Она слушает молча, тревожно. Жар покидает меня вместе с высказанным. Дышится легче. Вдруг бабушка прерывает меня, будто у нее заканчивается время и ей пора. «Север, самое страшное в жизни – не успеть. Ты знаешь… Я рядышком». Это были те самые слова, которыми я хотела ответить Начо, когда она спросила, боюсь ли я смерти.

6

С трудом вышла на работу. Врач предупреждал, что состояние будет ухудшаться с каждым днем. Сначала симптомы вируса, потом боли в животе начнут усиливаться. «Вы не сможете их вытерпеть. Поймите, необходима госпитализация. Нужно поддерживать организм. Вы все делаете себе во вред». Доктор еще долго что-то объяснял про упадок иммунной системы и риск потери зрения – я не вслушивалась.

Я не прятала голову в песок. Не строила из себя сильную женщину, утверждая, что болезнь – это прежде всего состояние души, а потом физическое выражение. Я осознавала реальность: мне поздно ошиваться по больницам, все закончится совсем скоро, а продлевать агонию за счет лекарств я не хочу. Всем, что дается, вроде как нужно распоряжаться и управлять. А чем дальше, тем меньше желания этим заниматься. Вместо этого хотелось дышать свободой, не думать о последствиях. А только о том, что со мной, вокруг меня.

Пока меня мучает температура и общая слабость. Стараюсь привыкнуть к этим недомоганиям, теплее одеваюсь, пью витамины и хожу на работу через день. Администратор ресторана установил такой график: день я, день афганка Сакина. Она третий год живет в Овальном городе.

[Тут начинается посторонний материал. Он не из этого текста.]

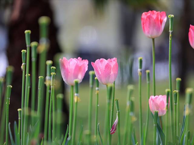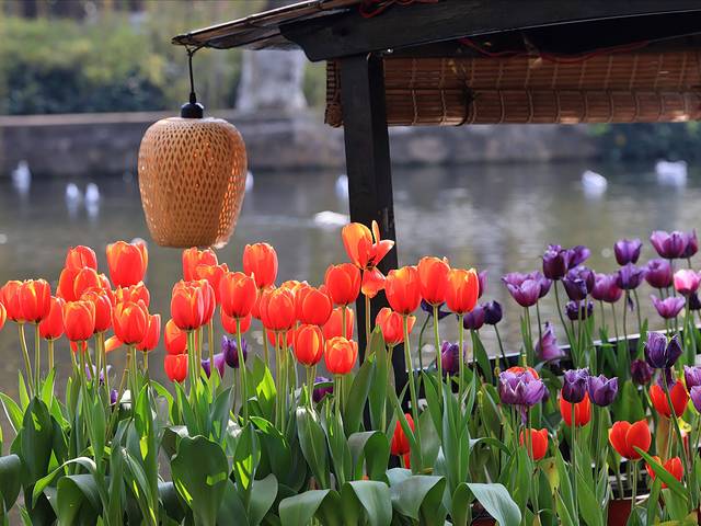 ◆从东门到“三角花坛”,一直到唐堤拱桥等地方,在路两边均有郁金香布设,而且花开正艳,赏花旅拍正当时。

Собрала деньги и недавно оформила фиктивный брак. Ждет со дня на день получения гражданства.

Сакина говорит, что Аллах направил ее сюда, в край, где собрались сотни народов и наций, чтобы она научилась верить в себя. Каждая трудность – шаг на этом пути. «Отец меня оберегал. Я росла в достатке, не выходила за пределы нашего дома, училась на дому, общалась только с четырьмя сестрами да родственницами. Думала, что в жизни все очень легко, как в восточной сказке. Что меня ждало? Замужество, дети, старость. А я всегда хотела общаться больше, узнавать новое. Папа запрещал. Однажды я сбежала из дома. Оказалась здесь. Работаю, храню честь, хожу на курсы французского. Аллах направляет меня. Надеюсь, я на правильном пути. Что ты об этом думаешь, сестра?»

Мне не хочется ее огорчать своими мыслями. Она слишком красива и чиста для моего мира. «Я вот думаю… хотя ничего я не думаю. У всех свои рецепты, Сакина. Тебе не одиноко в чужом городе?» – «А я не одна. Аллах со мной». А кто со мной? Призраки прошлого?..

* * *

Я любила мужчину, которому смотрела в глаза и про себя говорила: «Боже, как ты мне нужен!» Хотя на тот момент он был рядом и вроде никуда уходить не собирался. Ушел чуть позже. Спустя три с половиной года. И я осталась наедине со своей любовью – куда было ее девать? Психолог посоветовала направить эту любовь на себя. Я не сразу поняла. Даже переспросила, мучаясь желанием вульгарно пошутить. «Радуй себя ради себя же. Полюби себя. Займись спортом, покупай с каждой зарплаты по платью и так наконец откроешь себя для новых чувств». Честно скажу, я пыталась это делать на протяжении полугода. Аж целый шкаф новых шмоток набрался. Но в итоге все равно пришла к тому, что по-прежнему люблю его и ничего с собой поделать не могу.

Эта любовь должна сама пройти, хм, нет – скорее остыть, перерасти во что-то другое. С другим направлением, но точно не к себе. Да, мы, бабы, так по-дурацки устроены. А кто не так… ну, наверное, им повезло! Мне не повезло.

За что я его любила? Он умел заботиться. Он не помнил наших дат, избегал встреч с моей семьей, не делал красивых признаний. Но он был рядом, крепко держал за руку. Покупал мне витамины, варил куриный бульон, когда простужалась. Обнимал, когда приходила грустной с работы, ни за что не упрекал. Несмотря на всю хваленую независимость, каждой женщине становится так тепло, когда мужчина берет ее под свое покровительство. Нет, это не когда хочется свернуться калачиком у него под боком. Скорее это вдохновляющее ощущение, когда внутри тебя просыпается женщина. Щекочет. А мы ведь привыкли полагаться на себя, вне зависимости от состояния личной жизни.